The broad peak in the higher energy region at 3331–3414 cm−1 is due to the stretching vibration of the O-H group. At approximately 2233–2345 cm−1, the C-H stretching vibration band appears and indicates the presence of an alkane group. The peaks near 1391–1415 cm−1 and 1633–1647 cm−1 are caused by the amide I and amide II regions, which are typical of proteins and enzymes. The presence of alcohols and carboxylic acid groups is indicated by the strong bands observed at 1020–1060 cm−1 attributed to the C-O stretching vibration. The FTIR spectra, which have absorption bands at 3314, 2345, 1391, 1647 and 436 cm−1, respectively, indicate the structure on the basis of functional groups of M. oleifera. These peaks were caused by M. oleifera, a plant that is rich in phytochemicals such as amino acids, alkaloids and flavonoids. Overall, these observations prove the existence of some phenolic compounds, terpenoids or proteins that are bound to the surface of the ZnO-NPs.

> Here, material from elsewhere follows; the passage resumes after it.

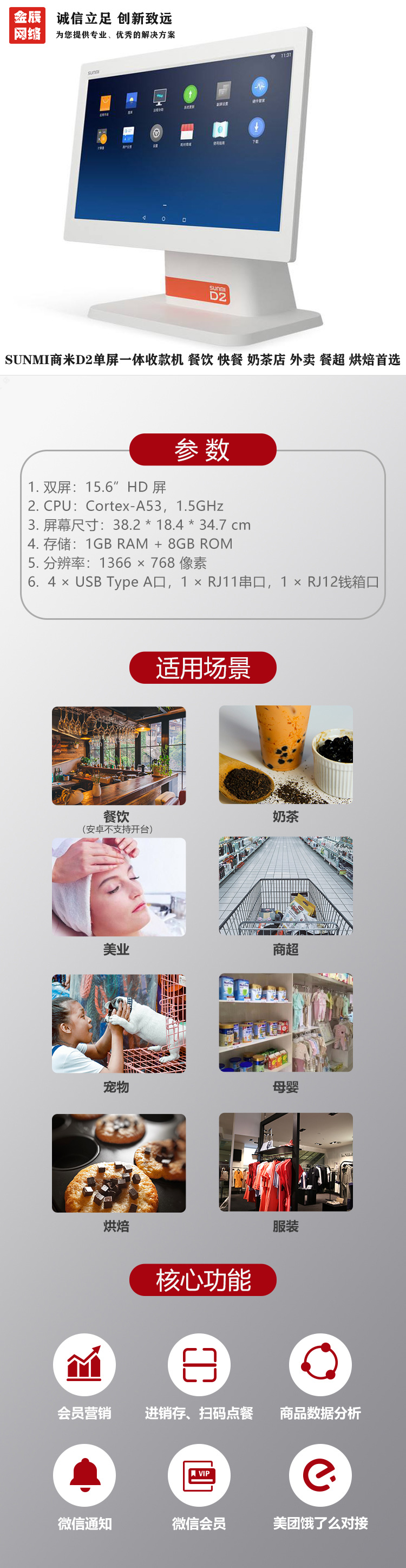 商品名稱:商米D2單屏收款機

The changes observed in the FTIR spectra of the green synthesized ZnO-NPs after bioreduction indicated the participation of polyols, terpenoids and proteins with functional groups of amines, alcohols, ketones and carboxylic acids in the bioreduction reactions. Terpenoids are poorly water soluble and hence may not be among the prime moieties involved in bioreduction reactions.
Antioxidant activity of the ZnO-NPs
A stable free radical called DPPH typically absorbs at 517 nm according to UV-Vis analysis. By monitoring the decrease in DPPH absorbance, the ability of environmentally friendly ZnO-NPs to scavenge free radicals was assessed. The DPPH assay was used to assess the radical scavenging capacity of the ZnO-NPs mediated by M. oleifera extract. The results at various concentrations between 10 and 100 g/mL were as follows:
100 µg/mL (67%) > 90 g/mL (66%) > 80 g/mL (60%) > 70 g/mL (53%) > 60 g/mL (51%) > 50 g/mL (39%) > 40 g/mL (33%) > 30 g/mL (27%) > 20 g/mL (22%) > 10 g/mL (11%), (Fig. 6C).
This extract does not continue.